Kernel bound by instruction and memory latency.

So I’ve basically modified the separable convolution example to work with char inputs rather than float inputs. I then upgrade them to shorts internally, do two passes of convolution (row then column), doing one kernel, then another for each (as I want to do two convolutions overall). I then convert back to chars and output.

I’ve worked my way through the guided profile, and it shows a bar chart of utilization versus compute and memory(shared). I would include a screen shot but it won’t let me here. That’s where I got the figures I quoted (both about 8%). Above the bar chart it says:
“This kernel exhibits low compute throughput and memory bandwidth utilization relative to the peak performance of the “Nvidia Tegra X1”. These utilisation levels indicate that the performance of the kernel is most likely limited by the latency of arithmetic or memory operations. Achieved compute throughput and/or memory bandwidth below 60% of peak typically indicates latency issues.”

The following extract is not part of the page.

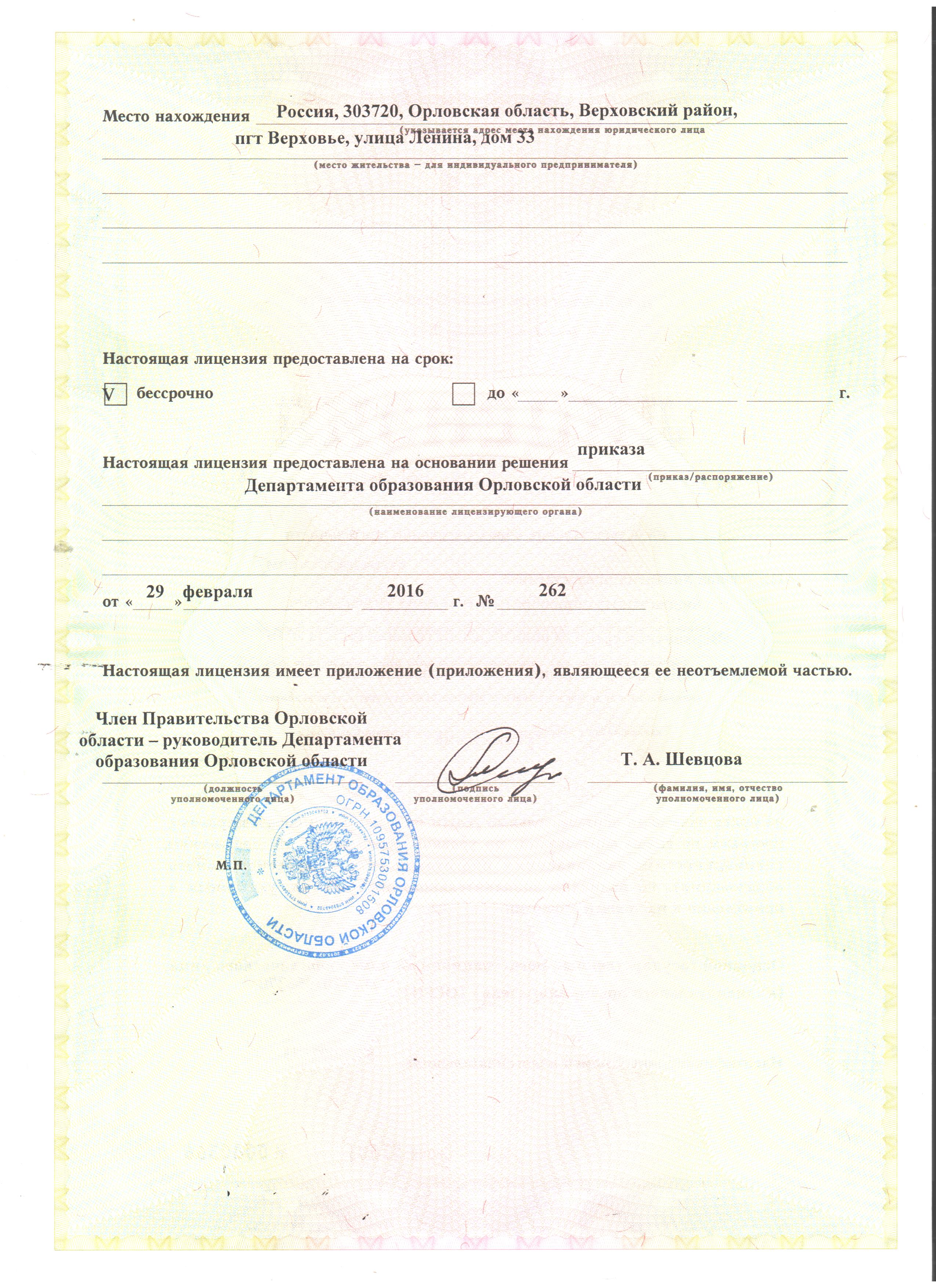 Реквизиты лицензии на право ведения образовательной деятельности:

Where I said “almost all arithmetic operations”, the bar chart has a coloured key and in the compute column, it is comprised of about 7% arithmetic operations, and about 1% memory operations (making the 8% I quoted).

It recommends I perform latency analysis, so I did (by clicking the button provided), and that is where it gives me the other info I gave regarding grid size, block size and occupancy. I’m a bit confused if the occupancy seems good enough, why the utilization seems so low.

The arithmetic operations I perform in the code are just multiplications and additions - as it’s convolution. There is some casting between types - as hinted at above. I’m not sure about the ration of floating point etc you mention. Where would I find that? I’m not actually doing any floating point computations anyway…

Thanks for your help.